== DIRECTIONS ==
The entries below contain pictures, which are to be left out; write out exactly, and only, the lines from the line with "Axar.az xəbər verir" up to and including the line with "Vous pouvez définir".

== LISTED ENTRIES ==
== Segment start ==

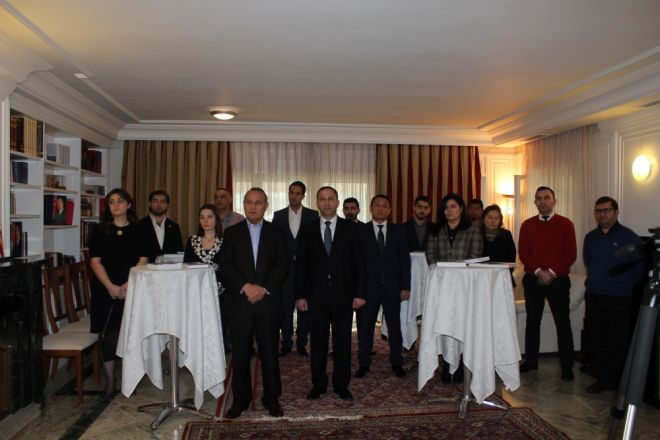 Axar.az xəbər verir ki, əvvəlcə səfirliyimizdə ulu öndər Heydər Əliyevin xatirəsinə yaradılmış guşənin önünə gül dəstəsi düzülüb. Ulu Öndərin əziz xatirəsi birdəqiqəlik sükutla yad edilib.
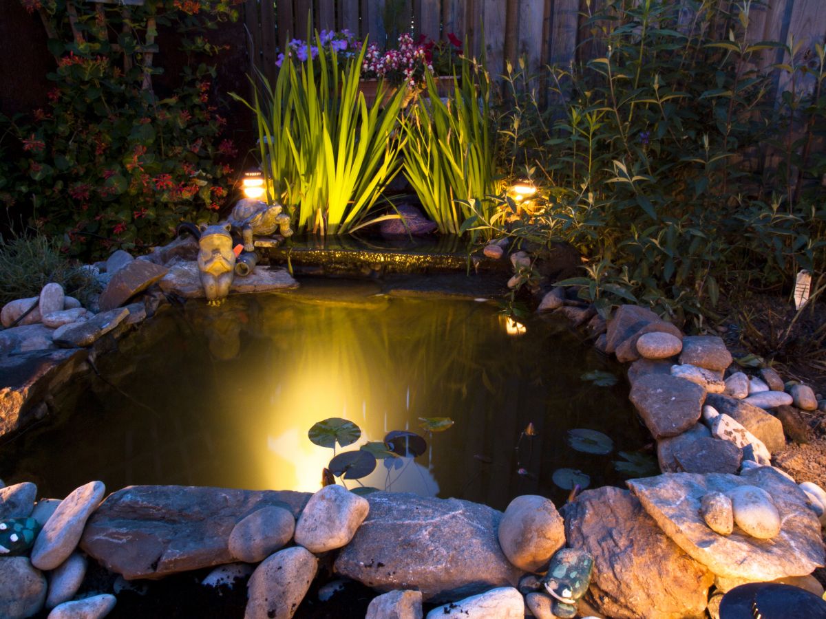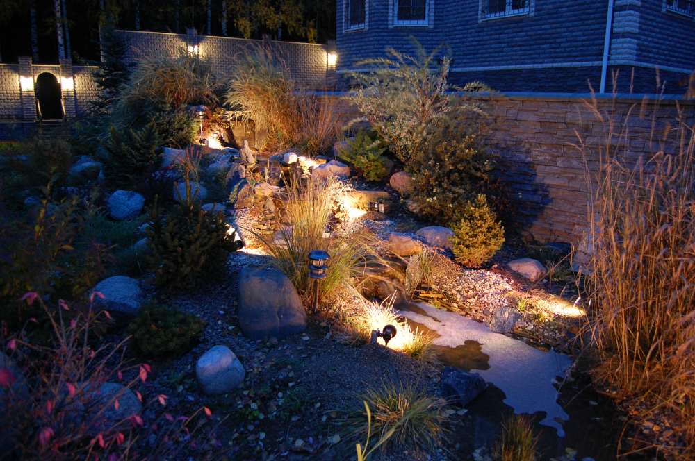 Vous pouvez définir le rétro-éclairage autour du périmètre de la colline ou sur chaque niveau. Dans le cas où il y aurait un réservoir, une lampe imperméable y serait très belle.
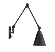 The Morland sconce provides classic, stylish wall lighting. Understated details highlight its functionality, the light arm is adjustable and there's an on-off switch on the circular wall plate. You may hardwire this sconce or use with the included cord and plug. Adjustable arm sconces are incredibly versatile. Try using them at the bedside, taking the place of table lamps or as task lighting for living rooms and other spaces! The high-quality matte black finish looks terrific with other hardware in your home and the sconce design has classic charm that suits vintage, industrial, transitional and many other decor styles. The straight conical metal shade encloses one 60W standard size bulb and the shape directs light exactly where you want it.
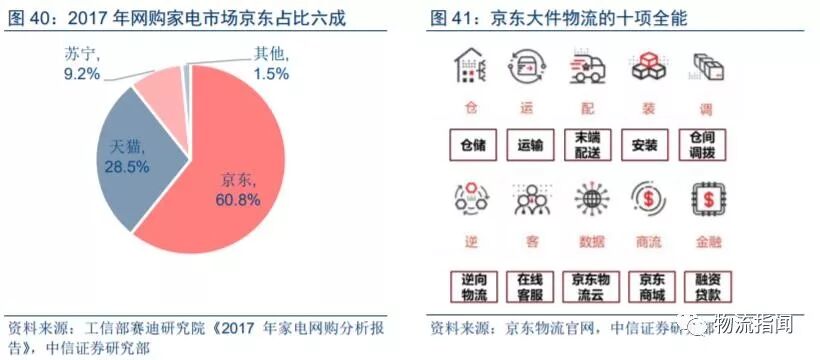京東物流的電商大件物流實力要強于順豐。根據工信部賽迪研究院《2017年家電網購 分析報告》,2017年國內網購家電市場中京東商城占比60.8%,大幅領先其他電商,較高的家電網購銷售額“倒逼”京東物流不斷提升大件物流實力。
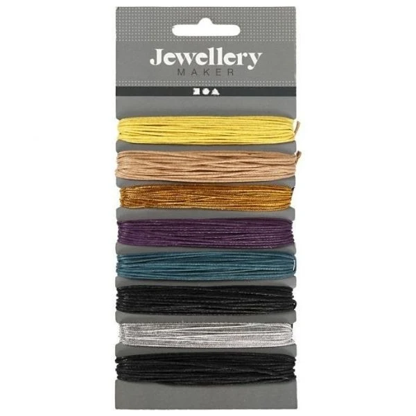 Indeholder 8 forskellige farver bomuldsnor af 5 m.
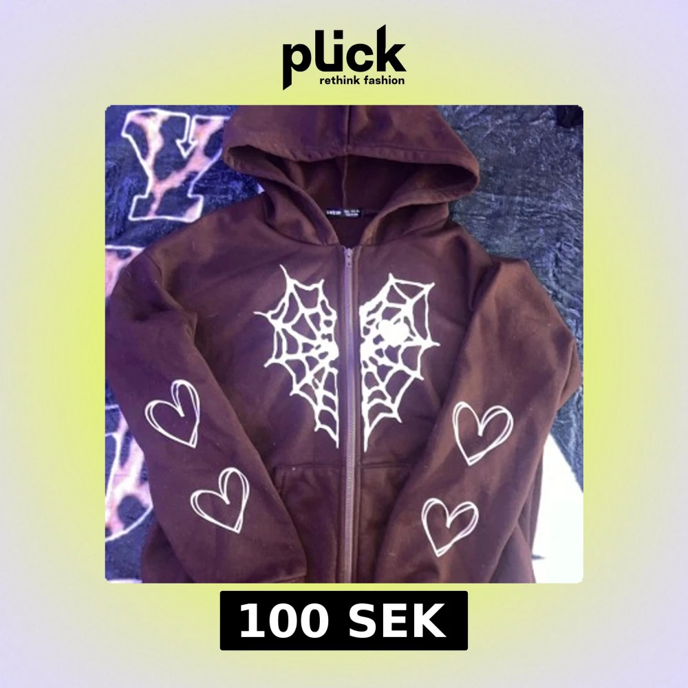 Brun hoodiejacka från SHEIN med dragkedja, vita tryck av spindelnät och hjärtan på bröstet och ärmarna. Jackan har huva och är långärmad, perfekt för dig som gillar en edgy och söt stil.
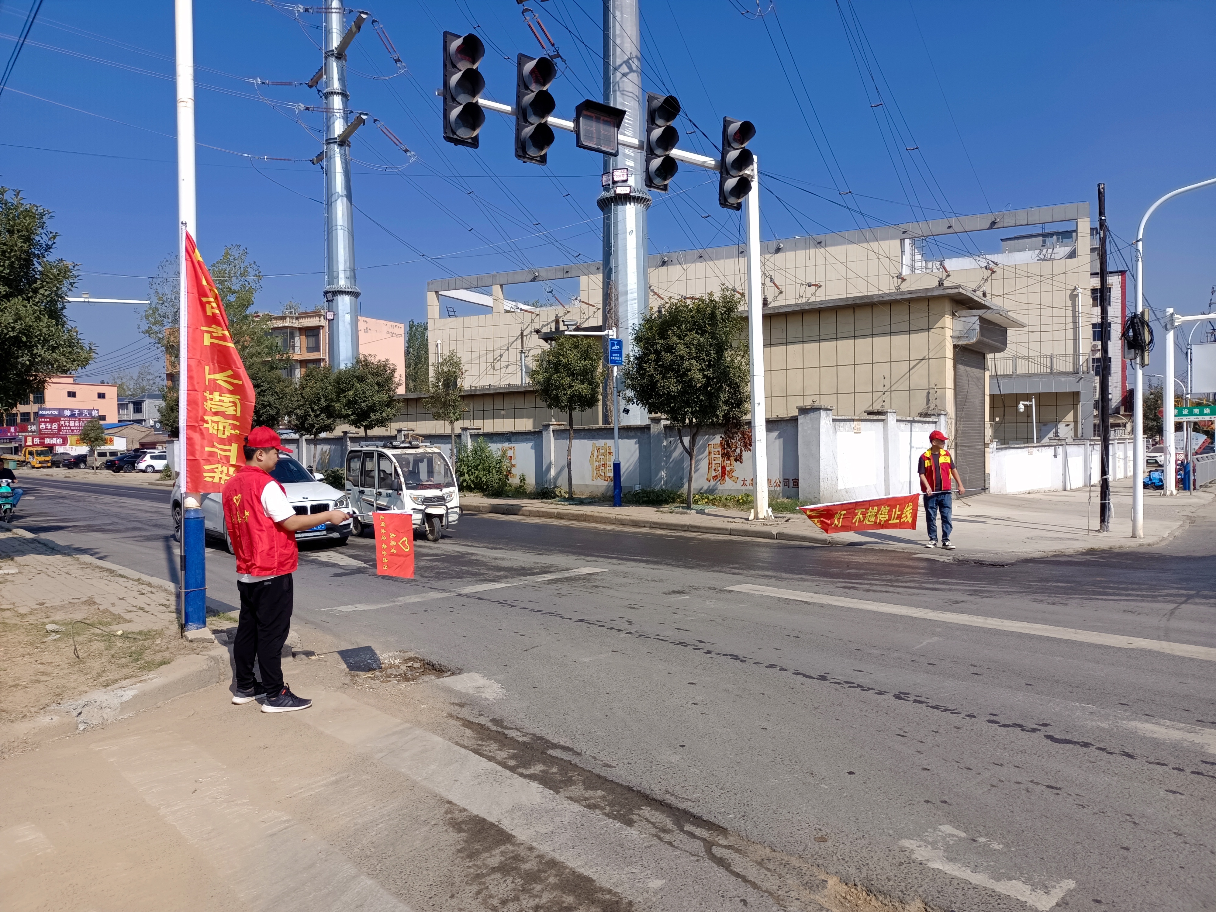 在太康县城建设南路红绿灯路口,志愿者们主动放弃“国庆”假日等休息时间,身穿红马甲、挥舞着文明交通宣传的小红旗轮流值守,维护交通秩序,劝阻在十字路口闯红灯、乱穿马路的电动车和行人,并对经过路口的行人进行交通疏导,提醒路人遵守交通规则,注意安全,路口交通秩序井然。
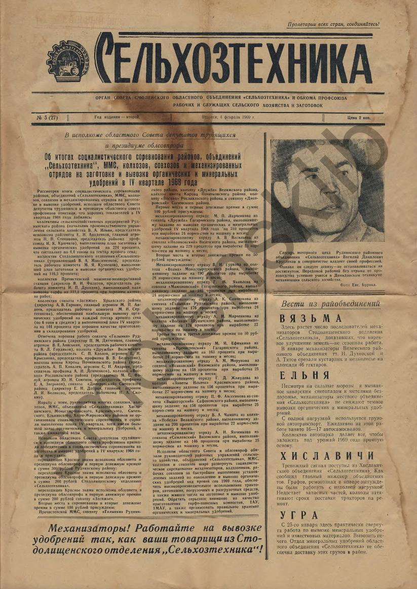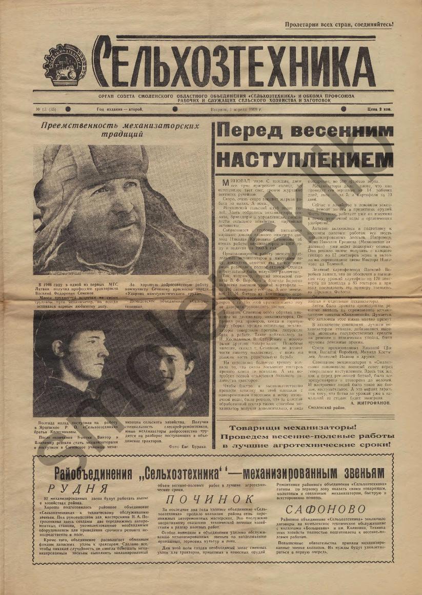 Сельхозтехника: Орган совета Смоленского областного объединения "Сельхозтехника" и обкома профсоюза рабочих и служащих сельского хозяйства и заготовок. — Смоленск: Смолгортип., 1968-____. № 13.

== Segment end ==
== Segment start ==

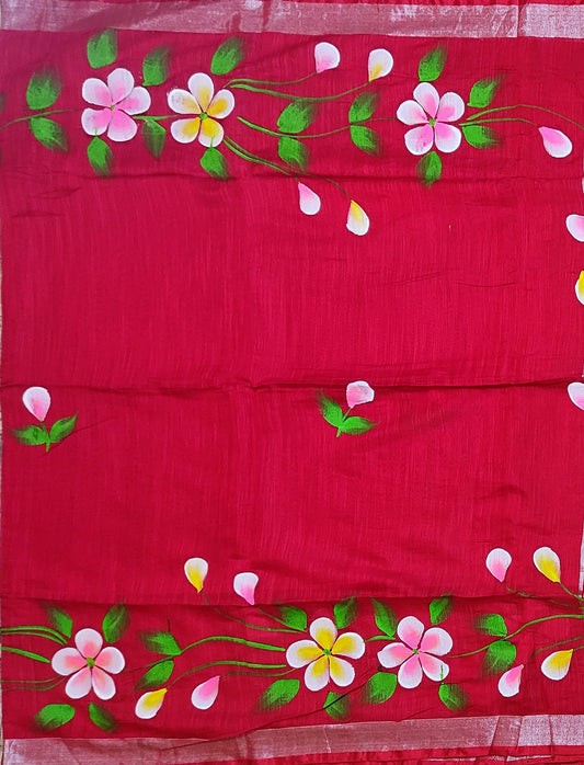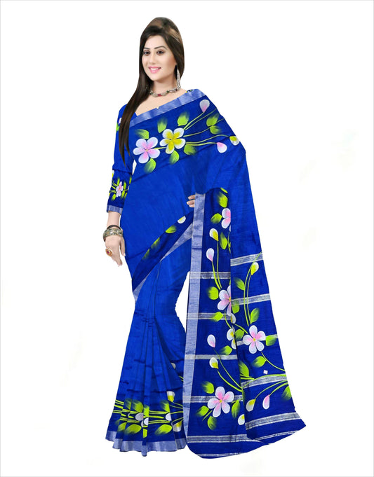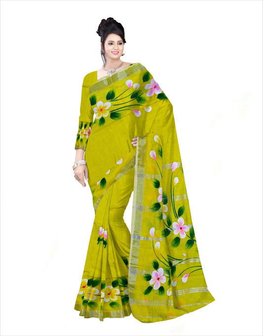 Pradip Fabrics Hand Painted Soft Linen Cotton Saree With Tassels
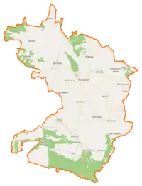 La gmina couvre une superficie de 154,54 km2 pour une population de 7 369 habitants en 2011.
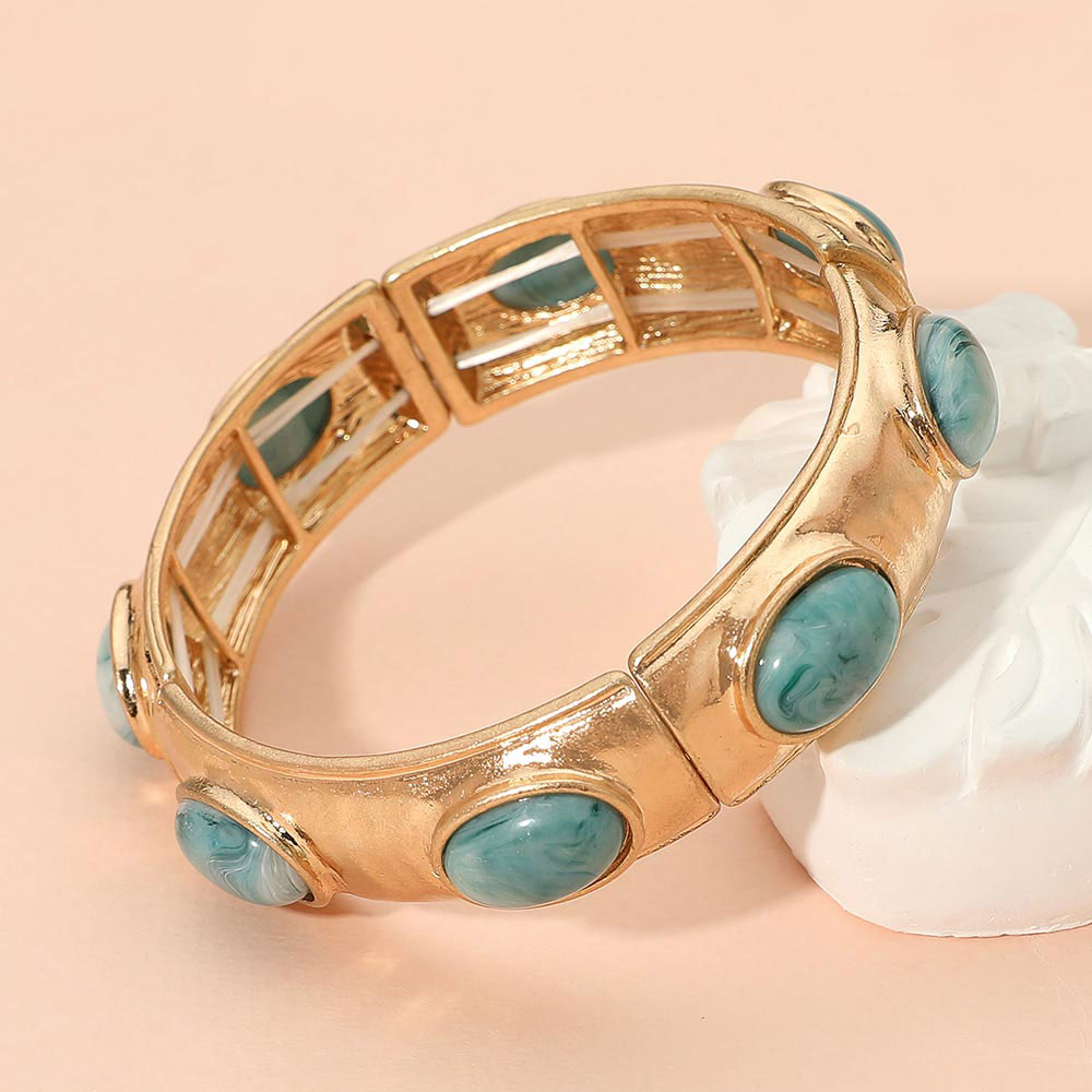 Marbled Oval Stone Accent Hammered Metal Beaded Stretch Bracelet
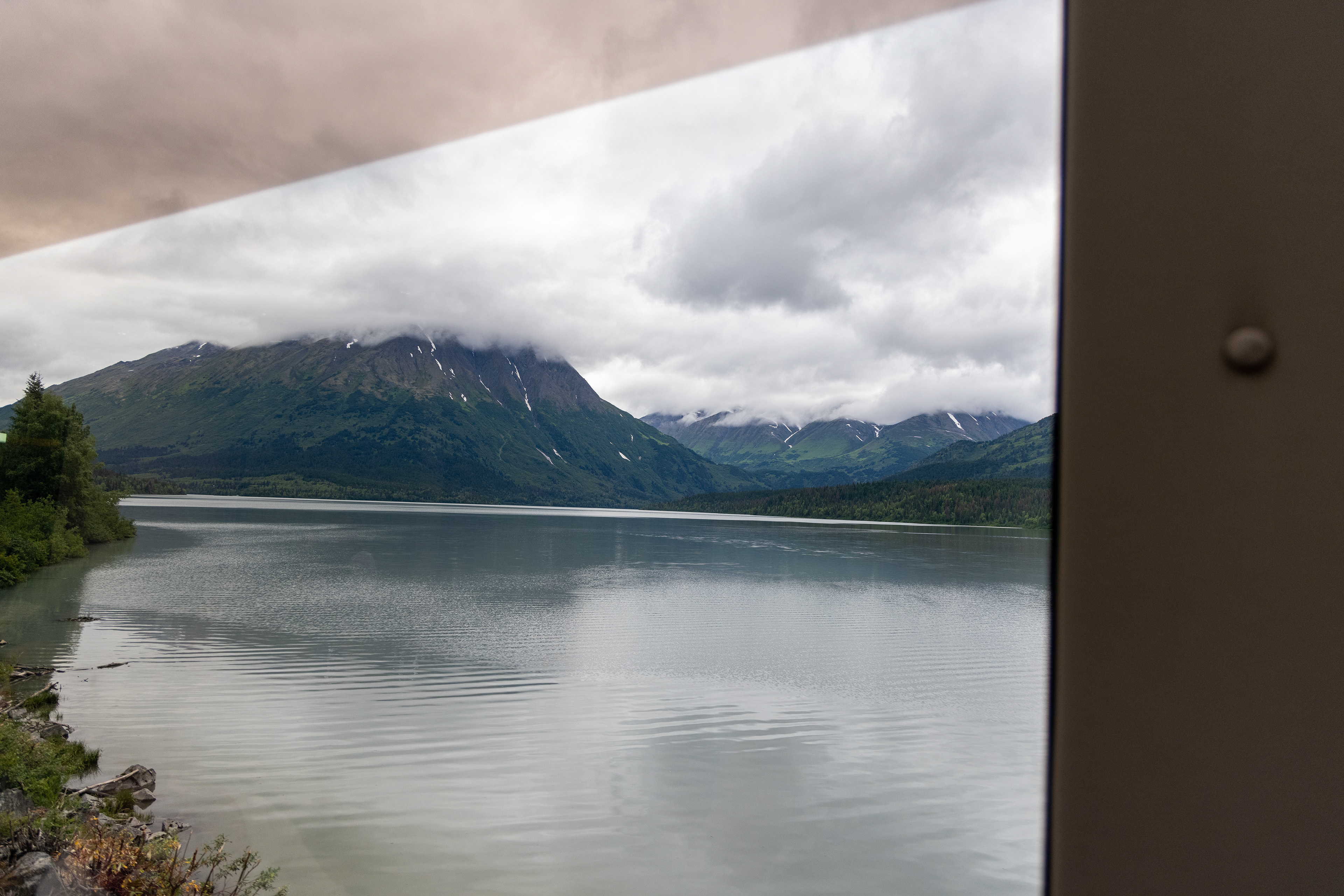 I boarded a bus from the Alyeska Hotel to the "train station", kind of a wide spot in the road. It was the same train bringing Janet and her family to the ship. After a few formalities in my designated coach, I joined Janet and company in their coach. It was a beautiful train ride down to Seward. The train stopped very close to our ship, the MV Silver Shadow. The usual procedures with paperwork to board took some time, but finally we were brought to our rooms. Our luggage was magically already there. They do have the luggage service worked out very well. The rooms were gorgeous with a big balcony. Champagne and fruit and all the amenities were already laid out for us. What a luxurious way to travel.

== Segment end ==

== TASK RESPONSE ==
 Axar.az xəbər verir ki, əvvəlcə səfirliyimizdə ulu öndər Heydər Əliyevin xatirəsinə yaradılmış guşənin önünə gül dəstəsi düzülüb. Ulu Öndərin əziz xatirəsi birdəqiqəlik sükutla yad edilib.
 Vous pouvez définir le rétro-éclairage autour du périmètre de la colline ou sur chaque niveau. Dans le cas où il y aurait un réservoir, une lampe imperméable y serait très belle.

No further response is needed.